In her own academic career, English professor and PhD candidate Allison Harris has spent a significant amount of time in archives, using records dating back to the historical periods she’s studying to support research and to breathe life into her writing. Taking her African-American Literature students to the archives for a project focused on the era of slavery, however, was an idea actually inspired in a cemetery, miles away from the archives.

“I was walking there with a friend and we were thinking about the lives of the people buried there and the legal and social constructions of personhood beyond death,” Harris explains. It was in the midst of gravestones, many inscribed with only a name and a range of dates, that she thought about how the briefest details of a person’s life can evoke wonder about a long ago experience. “Together we brainstormed ways that students could use creative writing to engage with these constructions of personhood.”

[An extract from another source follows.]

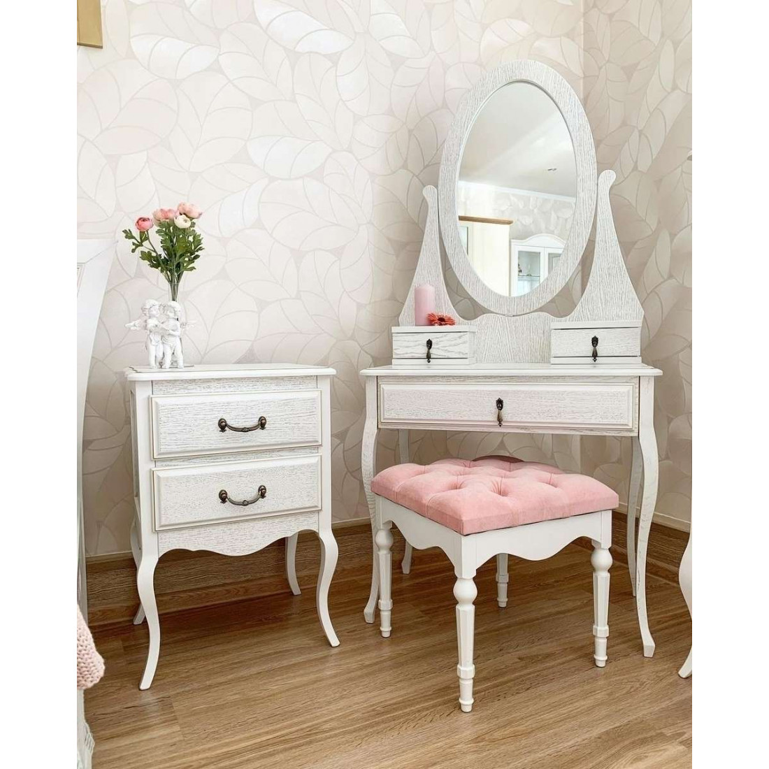 Туалетный столик Аделина MUR-117-06/07 с зеркалом воплощает в себе классические тренды. Сочетание изящных оттенков удачно освежит Ваш интерьер и придаст знакомым формам новое дыхание. Неповторимые легкость и элегантность этой мебели создадут атмосферу тепла и уюта в Вашем доме.

After the students enrolled in Harris’s course visited UM Special Collections’ Slave Documents Collection in the fall 2015 semester, they created stories based on real individuals from history referenced in letters by plantation owners, bills of sale, and other legal and personal documents preserved from the pre-Civil War era. The eight short stories, together known as the Slave Narrative project, are told from the perspective of slaves documented in the records.

“Part of the goal of the assignment was to make the documents come to life through plot and conflict. But more importantly, they were to give their characters a rich and vibrant interiority that explored the emotional and spiritual limitations and silences of these archives,” Harris says.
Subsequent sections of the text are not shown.